In this sense, the president of the OECM gives the example of some treatments to alleviate pain, such as intravenous ketamine, "for which there is a year-long waiting list at Hospital La Paz, for example. Or it is done privately, which is 3,000 euros in a clinic in Barcelona (and in many cases transfer and stay will have to be added), or there are no options because not everyone has that money".

"If family doctors don't prescribe too, only specialists - Pérez concludes - seeing how the Health is right now

with waiting lists of a year for urgent treatment

, we don't even want to think

how long it will take for the first oil to come out cannabis from a hospital...

".

Prescription in public health, but not in private

That of primary care physicians is not the only inconsistency in the prescription, another of the main ones occurs if only public health is recognized.

"Why can't private hospitals prescribe if some specialists work in the public hospital in the morning and in the private hospital in the afternoon?

It's the same specialist with the same training, but he can prescribe medical cannabis in the morning and in the afternoon in the private one, no

. The Quirón or HM clinics, for example, have their own pain units, they give neurostimulators or intravenous ketamine, they do all the same treatments, but with cannabis it will not be like that," argues Pérez, who adds that this situation is only going to cause

the waiting lists to get fatter

of public hospitals, saturate them more.

Dispensing only in hospital pharmacies, not in community ones

No less important is the dispensing.

"Limiting it to the hospital pharmacy seems to us to be another mistake. Going to the neighborhood pharmacy next to your house is not the same as having to go to the hospital, which is not always close, to pick up a medicine. If, in addition

, the community pharmacy already dispenses opioids, benzodiazepines

or antidepressants, they are used to working with narcotics,

not allowing them to dispense cannabinoids is not trusting their professionalism and work

(apart from the fact that they will not be able to give it to you without a prescription, just like an opioid) and nonsense."

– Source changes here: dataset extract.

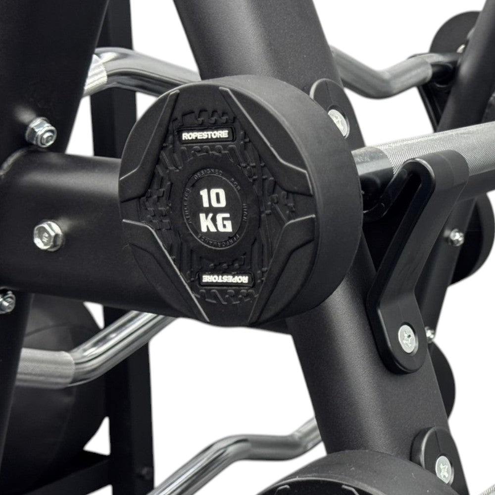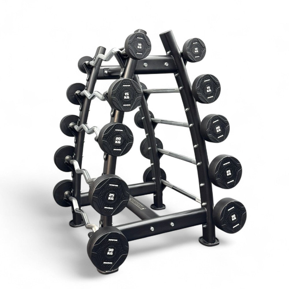 Barra W (EZ Bar): Projetada com curvatura ergonômica para reduzir a sobrecarga nos punhos e articulações durante movimentos como rosca direta, tríceps francês e remadas fechadas. Mais conforto, menor risco de lesão e maior controle.

In addition, Pérez cannot avoid certain doubts: "If any political group believes that what the Aemps collects is insufficient or does not agree and they throw it back, does that mean that they have to start over from scratch?"

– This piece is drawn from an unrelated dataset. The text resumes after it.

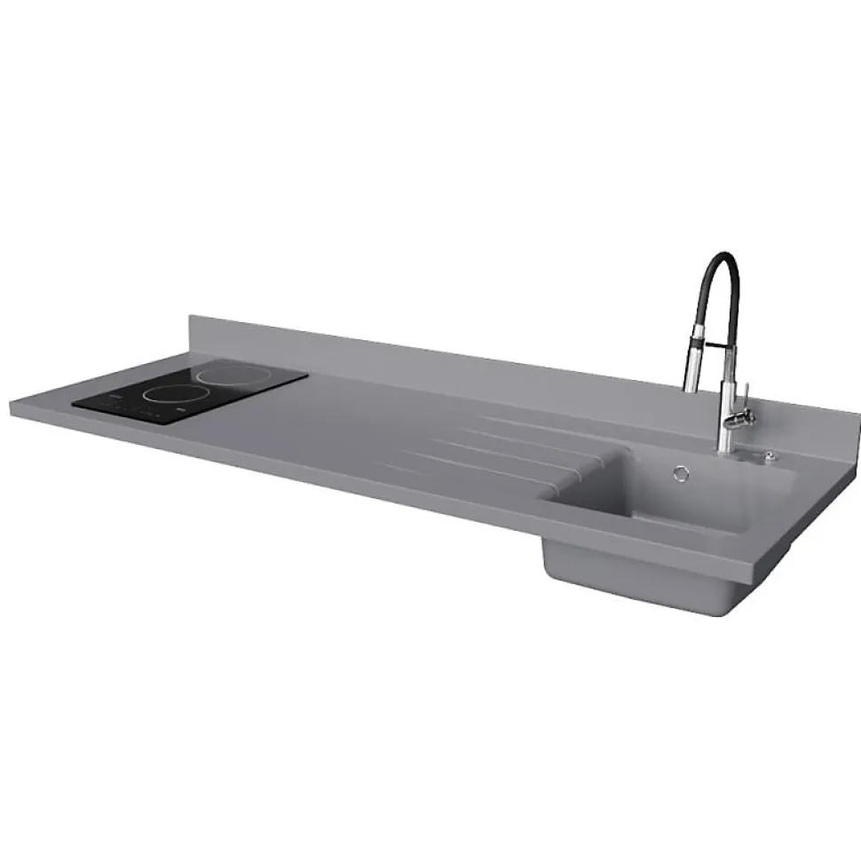 Plan de travail monobloc PlaniQuartz avec évier - 180 cm - Cromo - évier à droite - Plaque de cuisson Vitrocéramique

Waiting to see what the report from the Medicines Agency includes or not,

cannabis is not going to be an immediate reality

that relieves the pain of chronic patients because it takes time to start all the machinery, train doctors (and perhaps pharmacists), etc.

But regardless of the time factor,

patients need the law to be truly useful

.

Legislating just to stick out your chest and making a restrictive law that prevents or hinders access to patients will only increase their pain in the end.